# Affine sets and affine hull

Mathematically an affine hull can be expressed as

$Aff[C] = \{\theta_1x_1 + \theta_2x_2 .... \theta_nx_n| x_i \in C \ \ \sum_{i=1}^{n}\theta_i = 1 \}$

Intuitively can anyone explain what this means?

Also, what is a 'hull'?

A little work shows that if $a,b \in \operatorname{aff} C$, then for all $\lambda \in \mathbb{R}$, we have $\lambda a + (1-\lambda) b \in \operatorname{aff} C$. In fact, this is one definition of an affine set.
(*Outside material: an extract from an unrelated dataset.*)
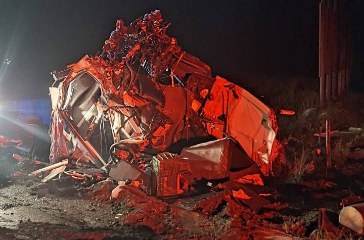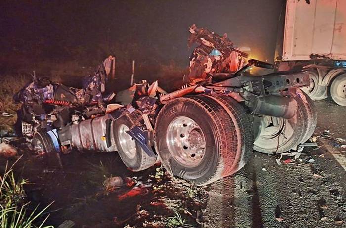 A colisão frontal entre dois caminhões deixou os veículos completamente destruídos e mobilizou diversas equipes de socorro.
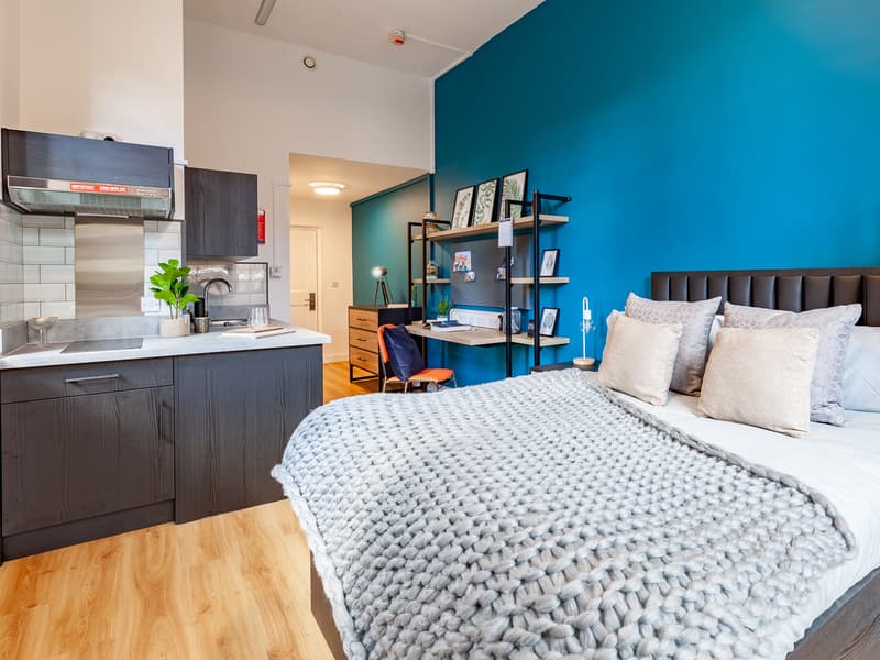 Feel right at home in our Deluxe Studio apartment, ranging from 27 – 39m2, , which has been designed for the modern student. Sink into your comfortable bed, and when it’s time to focus, sit at your very own study desk and concentrate with no distractions. Fancy a bite to eat? Show off your cooking skills in your modern kitchen! Complete with a combi-oven, cooking hobs and a fridge/freezer. Along with a private bathroom and ample storage space, you’ll love the space this room has to offer as soon as you take a step inside.

You can think of it as relaxation of convexity (for a convex set, $\lambda \in [0,1]$).

Suppose $c \in C$. Let $L = \{ a -c | a \in \operatorname{aff} C \}$.

Suppose $x \in L$, then $x+c \in \operatorname{aff} C$. Then $\lambda (x+c) + (1-\lambda) c = \lambda x +c \in \operatorname{aff} C$ for all $\lambda$, and so $\lambda x \in L$ for all $\lambda$.
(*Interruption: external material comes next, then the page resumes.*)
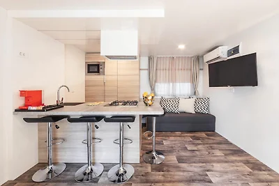 Pianterreno: (Soggiorno(TV(satellite)), Armadio cucina(piano cottura, forno a microonde, lavastoviglie, frigo con congelatore), Camera da letto(letto matrimoniale)

Suppose $x,y \in L$, then $x+c, y+c \in \operatorname{aff} C$, and so $\frac{1}{2}((x+c)+(y+c)) = \frac{1}{2}(x+y) +c \in \operatorname{aff} C$. Hence $\frac{1}{2}(x+y) \in L$, and the previous result shows that $2 \frac{1}{2}(x+y) = x+y \in L$.

This shows that $L$ is a subspace.

Hence we can write $\operatorname{aff} C = L + \{c\}$, so $\operatorname{aff} C$ is basically a translate of a linear subspace.

The set $\operatorname{aff} C$ is the smallest affine set containing $C$, so it is the smallest affine 'container' of $C$. I presume this is the origin of the term 'hull', much as the hull of a ship contains the 'stuff' inside the ship.

The term linear hull is used for smallest subspace containing a set, and the term convex hull is used for smallest convex set containing a set.